Use Case: User A: Posts an AD about selling his TV and add his address to the ad - (Lat and long) User B: In the same app, he is looking for TV ads but he sets his search radius as 5 km. (We have user B's location from his device. Lat/Long)

  • Now in my items_db table TV ad info is saved alongwith location
  • To show user B the TV near him; I can calculate distance between item and user (Using Google APi)
  • But to show him all the TV near him, I will have to first calculate distance between the user and ALL the items available in Classified/items_db to find out how many of them are actually under the 5km filter he applied.
  • Right now we are talking about 1 user: But then if I have 1000 users then I will have to calculate the distance between ALL the items against all users position and then show him only the ones that are in their specified range (i.e. 5km or 10 km)

This seems too big or just bad to be implemented like that. So my question is how do we do this?


If this wasn't clear enough then use Tinder as an example here:

When I select in Tinder that "show me people in 2 km radius only". Then how does Tinder know that? I mean in order to figure out who is 2 km away; they will first have to calculate the distance for ALL THE USERS AVAILABLE in order to see which ones can be shown to end user that fit that 2 km criteria!! How is it done there?

1

There are 1 answers

1
ADdV On

You certainly could check the distance between every pair of points, but that is not the only option you have.

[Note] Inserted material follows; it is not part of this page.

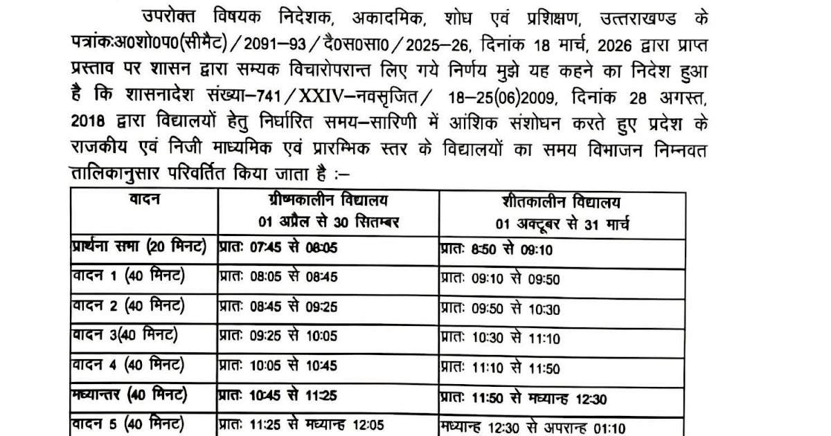 उत्तराखंड में 8 साल बाद स्कूलों का समय बदला…आदेश हुआ जारी #उत्तराखंड #स्कूल #uttarakhand #UttarakhandNews #UttarakhandSchool #UttarakhandSchoolTiming #latestnewsupdate #LatestNews #BreakingNews ...

In general, what you want is to find the nearest neighbor(s) of each point. That is, you only want to find other points that are within some set distance. Generally this is called nearest neighbor search. There is no single best method to do this, and indeed performance may very well vary based on your exact data, but two methods that might be worth consideration are locality-sensitive hashing which is using a hash function that attempts to place similar points in the same buckets (or even in buckets that are close) so that you only need to check those buckets to find neighbors, and k-d trees, a datastructure designed with nearest neighbor search in mind.